Ladies day is an institution here. Thousands of locals pour into summer dresses, whatever the weather. A competition to find the track's best dressed racegoer, swiftly followed by the Yorkshire final to crown the most lovely lady in the whole county, or some such.
Which means it must be that man again - no such event is allowed to take place without Derek Thompson in simpering attendance.
Afficionados of Tommo TV would have been in their elementtoday, particularly when he interviewed a group of children from a local school, who had been taught a song about the St Leger and proceeded to sing it to the great man.
Picture the girls of St Winifred's School Choir in garish red jumpers, warbling away and vying for a place in the shot with the most widely-seen face in racing, and you get an idea of what you missed if you weren't here.
I was, from an early stage thanks to a Horserace Writers and Photographers Asscoiation meeting which took place in the 'Clock Tower Food Court'.
An odd room of bare brick walls and stone tiled floor which may just have been a gents in a former existence and whose high ceiling made acoustics rather lessthan ideal. (Strange sight in one of the current toilets this afternoon - the latch almost bent back on one of the cubicle doors.
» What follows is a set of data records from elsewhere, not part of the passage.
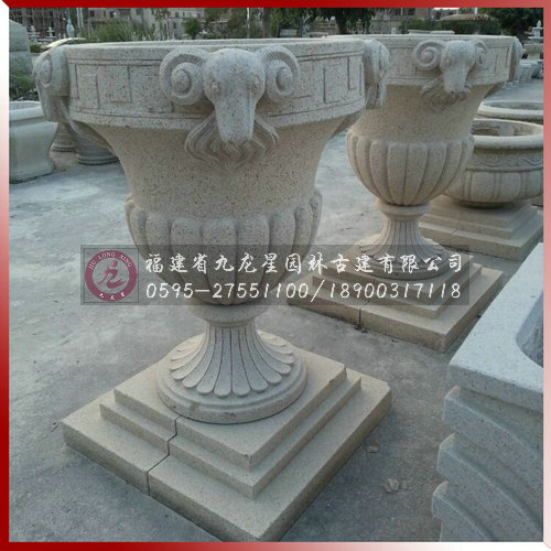 埃及米黃花缽-房地產(chǎn)樓盤小區(qū)石雕案例高清圖
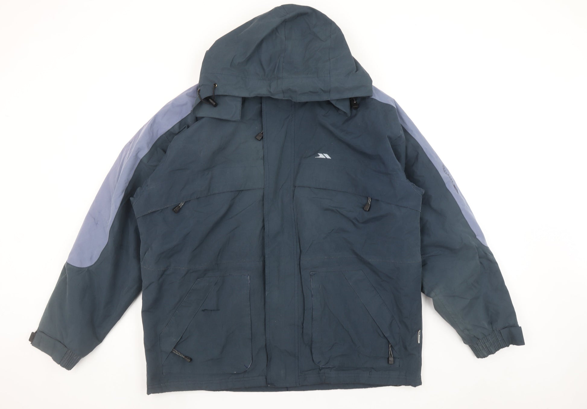 Trespass Men's Blue Waterproof Hooded Mid-Length Jacket M
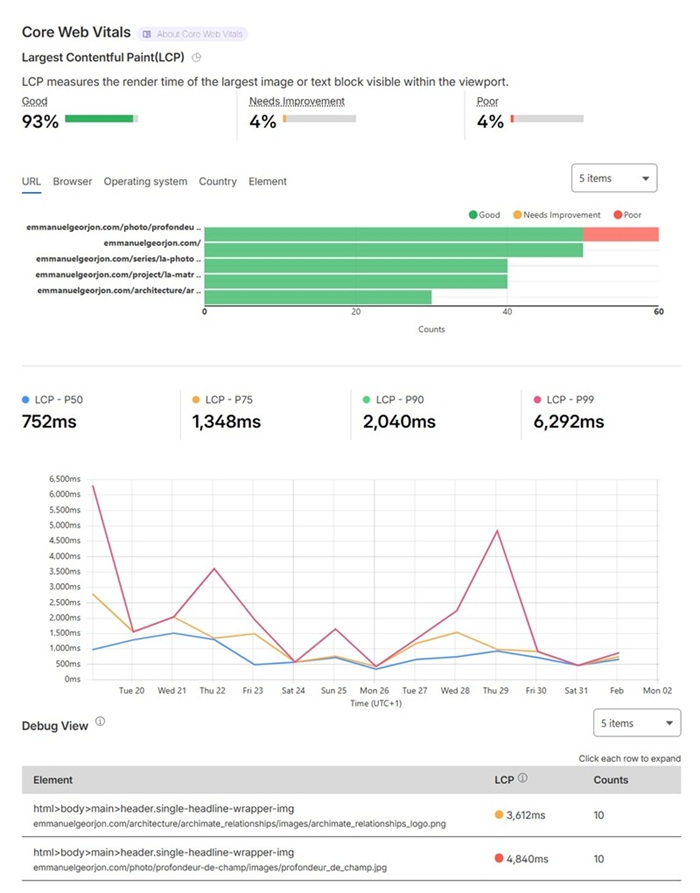 L’indicateur CLS est particulièrement intéressant : il montre l’écart entre le chargement du contenu, et l’application de la mise en forme, ce que nous ne voyons pas forcément lorsque nous faisons des tests « en local ».

Somebody had clearly been in a desperate hurry t0o get out).
Also had to talk to Kieren Fallon before the opener about something he called 'an absolute disgrace' - sorry, you'll have to buy the paper to find out what. And busy, busy, busy once racing got under way.
Not everyone would have been happy to see the big sales race go to Coolmore - it is supposed to offer the 'little guy' the chance of a big prize and their colt Reply actually cost twice the £200,000 first prize. Nor is jockey Joseph O'Brien - son of Aidan - a little guy. At 5ft 11in, able to stare BBC Radio's Cornelius Lysaght straight in the eye, his days riding on the Flat are probably numbered.
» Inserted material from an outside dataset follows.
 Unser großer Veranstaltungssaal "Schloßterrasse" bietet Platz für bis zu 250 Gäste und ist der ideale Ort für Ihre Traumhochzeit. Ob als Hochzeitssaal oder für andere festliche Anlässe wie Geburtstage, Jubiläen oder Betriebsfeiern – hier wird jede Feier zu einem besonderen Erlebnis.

"I am tall and I am not going to get any lighter," he admits - and one enterprising bookmaker is already quoting him for future jump jockeys' championships.
Throw in victory for John Oxx with his first runner of the year in Britain, a possible Classic colt for Charlie Hills and success for the always quotable David Elsworth and it was a hectic day.
All of which can excuse the leading writer, a former journalist of the year, who wanted a cup of tea late on in the afternoon - and filled his cup with gravy.